_EXERCISE DETAILS_:
Return every entry exactly, except for any pictures.

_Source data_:
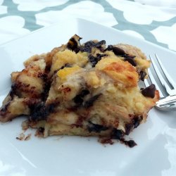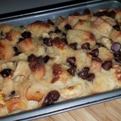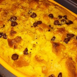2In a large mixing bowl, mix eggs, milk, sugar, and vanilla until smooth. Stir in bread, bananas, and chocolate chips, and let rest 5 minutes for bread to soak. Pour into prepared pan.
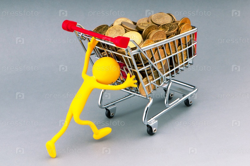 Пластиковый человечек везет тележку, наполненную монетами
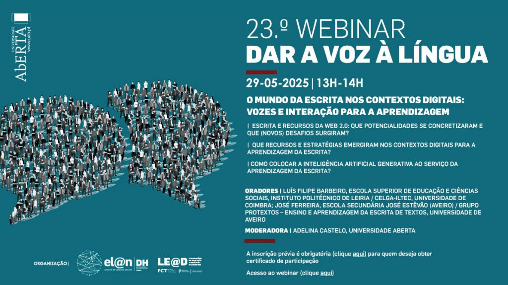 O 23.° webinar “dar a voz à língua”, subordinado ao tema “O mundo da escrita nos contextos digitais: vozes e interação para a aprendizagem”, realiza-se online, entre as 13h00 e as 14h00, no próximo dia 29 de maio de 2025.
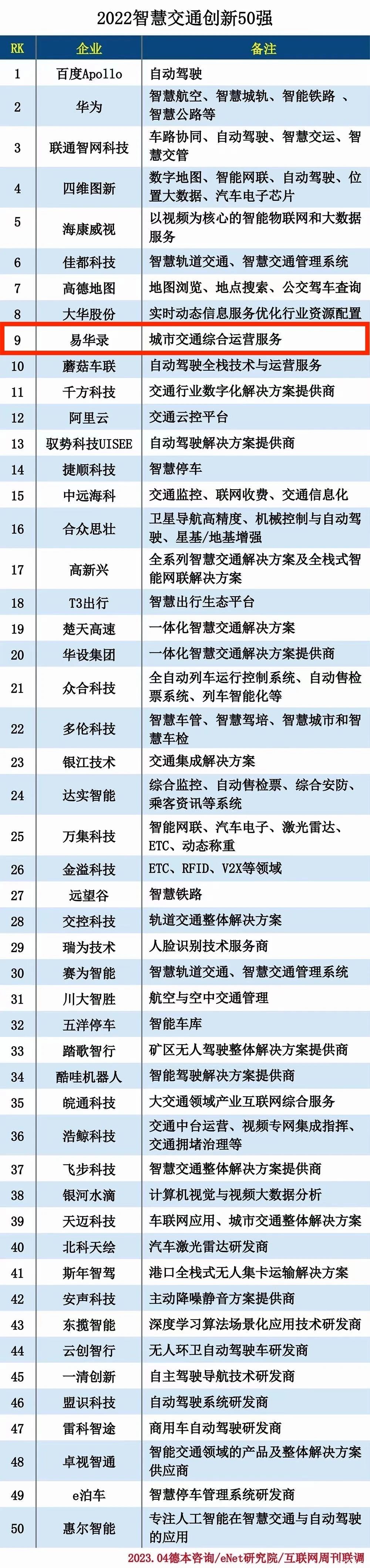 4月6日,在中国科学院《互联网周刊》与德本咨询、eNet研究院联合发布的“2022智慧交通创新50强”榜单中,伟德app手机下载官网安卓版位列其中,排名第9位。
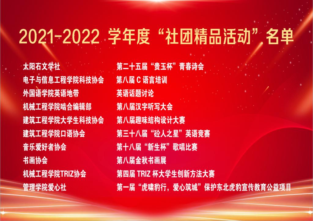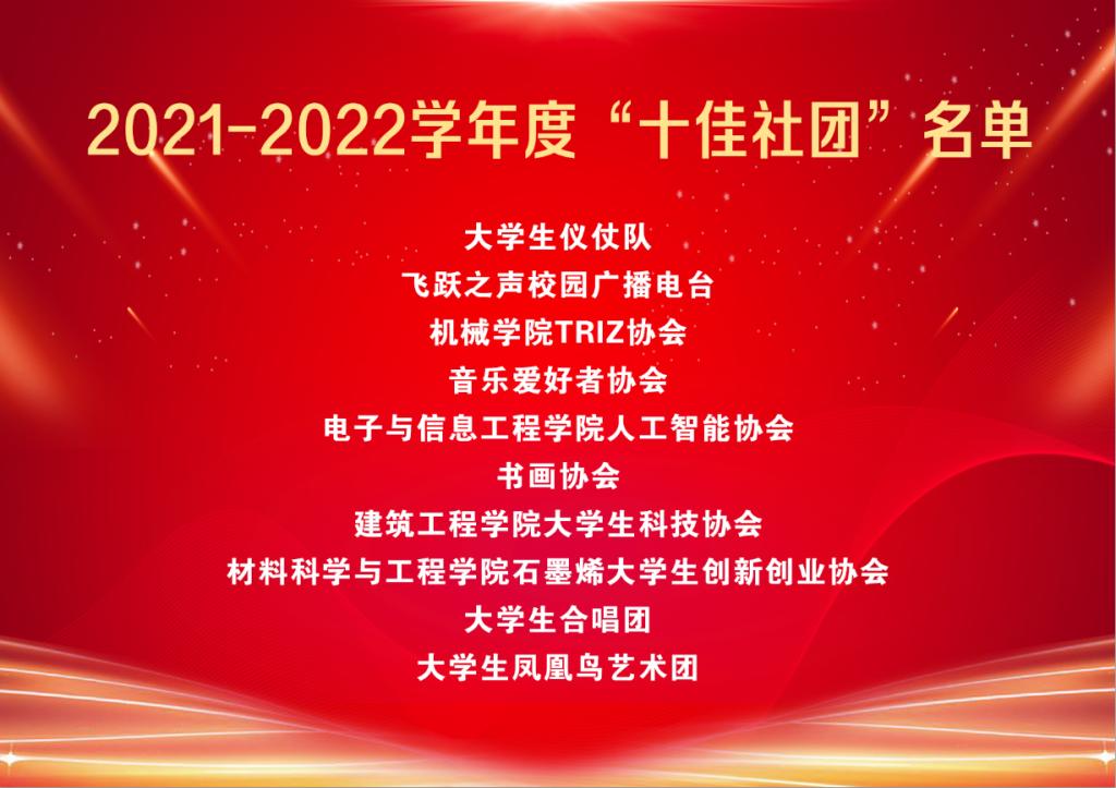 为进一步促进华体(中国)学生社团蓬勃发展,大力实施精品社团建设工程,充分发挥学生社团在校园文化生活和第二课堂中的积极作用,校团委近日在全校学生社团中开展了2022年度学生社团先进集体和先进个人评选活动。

_FINISHED TASK_:
2In a large mixing bowl, mix eggs, milk, sugar, and vanilla until smooth. Stir in bread, bananas, and chocolate chips, and let rest 5 minutes for bread to soak. Pour into prepared pan.
 Пластиковый человечек везет тележку, наполненную монетами
 O 23.° webinar “dar a voz à língua”, subordinado ao tema “O mundo da escrita nos contextos digitais: vozes e interação para a aprendizagem”, realiza-se online, entre as 13h00 e as 14h00, no próximo dia 29 de maio de 2025.
 4月6日,在中国科学院《互联网周刊》与德本咨询、eNet研究院联合发布的“2022智慧交通创新50强”榜单中,伟德app手机下载官网安卓版位列其中,排名第9位。
 为进一步促进华体(中国)学生社团蓬勃发展,大力实施精品社团建设工程,充分发挥学生社团在校园文化生活和第二课堂中的积极作用,校团委近日在全校学生社团中开展了2022年度学生社团先进集体和先进个人评选活动。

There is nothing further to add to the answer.